The Problem It Solves
LLMs are trained on data with a knowledge cutoff. They can't:
- Check the current weather
- Query your database
- Read a file
- Call your internal APIs
- Get real-time stock prices
Tool calling gives the model a way to request that your code perform these actions.
How Tool Calling Works (The Full Loop)
Your Code Groq API / LLM
───────────── ──────────────────────────────
1. Send message + tool schemas →
← 2. Model decides to call a tool,
returns tool_call object (NOT final answer yet)
3. Execute the tool in your code
4. Send tool result back →
← 5. Model uses result to form final answer
The model itself never executes your function.
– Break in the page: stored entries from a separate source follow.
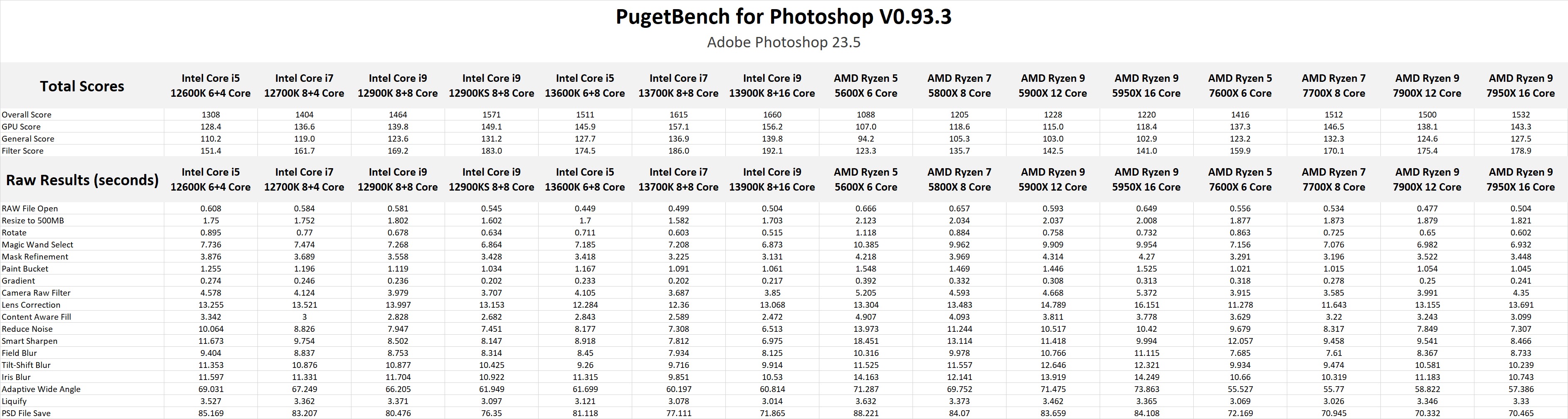 In this article, we will be using our PugetBench for Photoshop 0.93.3 benchmark paired with Photoshop 23.5 to examine the performance of the new Intel Core 13th Gen CPUs. As a comparison, we will be including the previous generation 12th Gen processors, as well as their primary competition – the AMD Ryzen 7000 Series. In addition, while we won’t be calling out the results specifically in this article, the raw results table in the next section also includes the AMD Ryzen 5000 Series since Ryzen 7000 was only recently released.
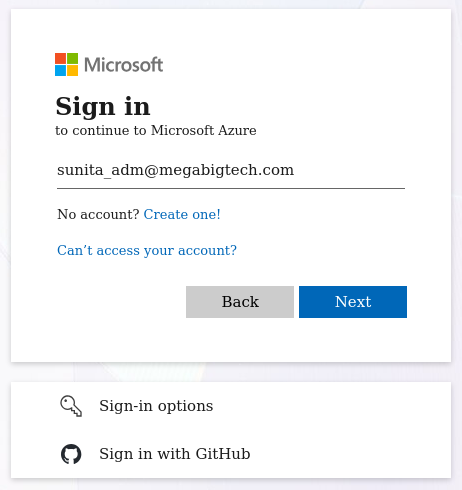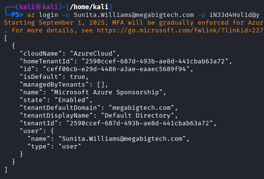 Iniciemos sesión en la CLI de Azure con las credenciales de Sunita y obtendremos acceso correctamente.
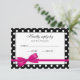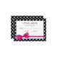 Um padrão de bolinhas preto na moda com uma ilustração de fita rosa é apresentado nesta placa de resposta RSVP. Personalize facilmente suas informações.
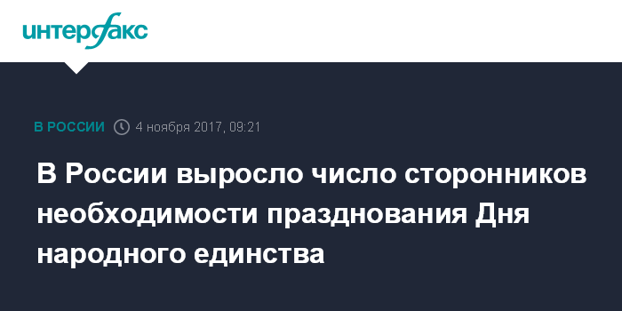 Между тем доля тех, кто считает, что такой праздник как День народного единства нужен в России, выросла до 78% с 45% в 2005 году. Противоположного мнения придерживаются 14% респондентов (36% в 2005 году).
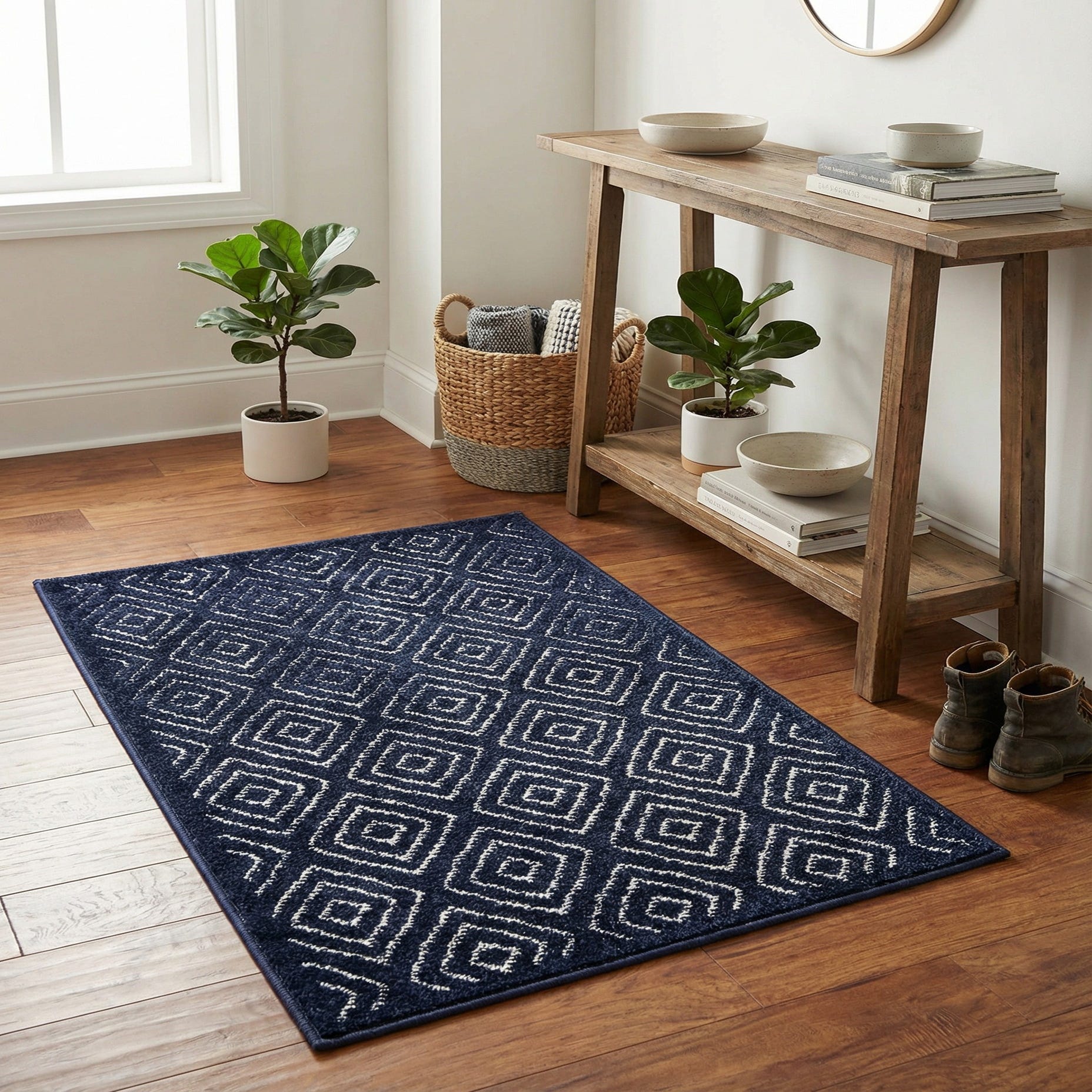 Primary color is Navy Blue. Colors in this rug include: Navy Blue, Ivory.
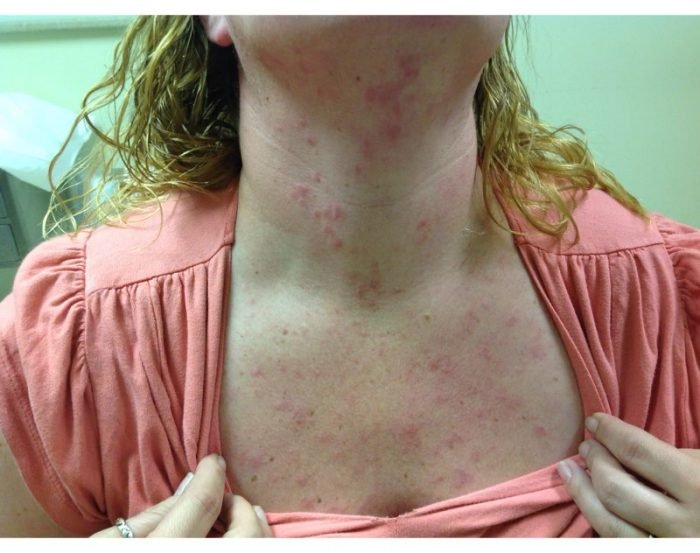 On physical examination, the patient exhibited multiple grouped pink, translucent, and hemorrhagic thick-walled vesicles, resembling “frog spawn.” The vesicles were firm to palpation and remained intact without any signs of rupture.
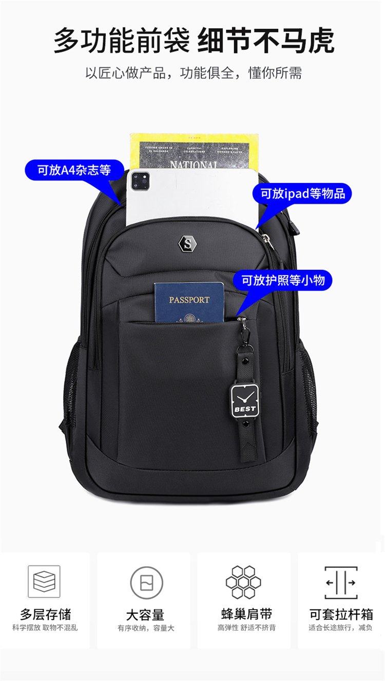 雙肩包商務大容量旅行包男士通勤電腦後後背包初中高中大學生書包

It outputs structured JSON saying "I want to call this function with these arguments." Your code runs the function and sends back the result.
Step-by-Step Implementation
Let's build a practical example: an assistant that can get weather data and do currency conversions.
Step 1: Define Your Tool Schemas
// tools.js
export const tools = [
{
type: "function",
function: {
name: "get_weather",
description: "Get the current weather for a specified city. Use this whenever the user asks about weather conditions.",
parameters: {
type: "object",
properties: {
city: {
type: "string",
description: "The city name, e.g. 'Mumbai', 'New York', 'London'",
},
unit: {
type: "string",
enum: ["celsius", "fahrenheit"],
description: "Temperature unit. Default to celsius.",
},
},
required: ["city"],
},
},
},
{
type: "function",
function: {
name: "convert_currency",
description: "Convert an amount from one currency to another using current rates.",
parameters: {
type: "object",
properties: {
amount: {
type: "number",
description: "The amount to convert",
},
from_currency: {
type: "string",
description: "Source currency code (e.g., USD, EUR, INR)",
},
to_currency: {
type: "string",
description: "Target currency code (e.g., USD, EUR, INR)",
},
},
required: ["amount", "from_currency", "to_currency"],
},
},
},
];
Step 2: Implement the Actual Functions
// functions.js
// In a real app, you'd call actual weather/forex APIs here.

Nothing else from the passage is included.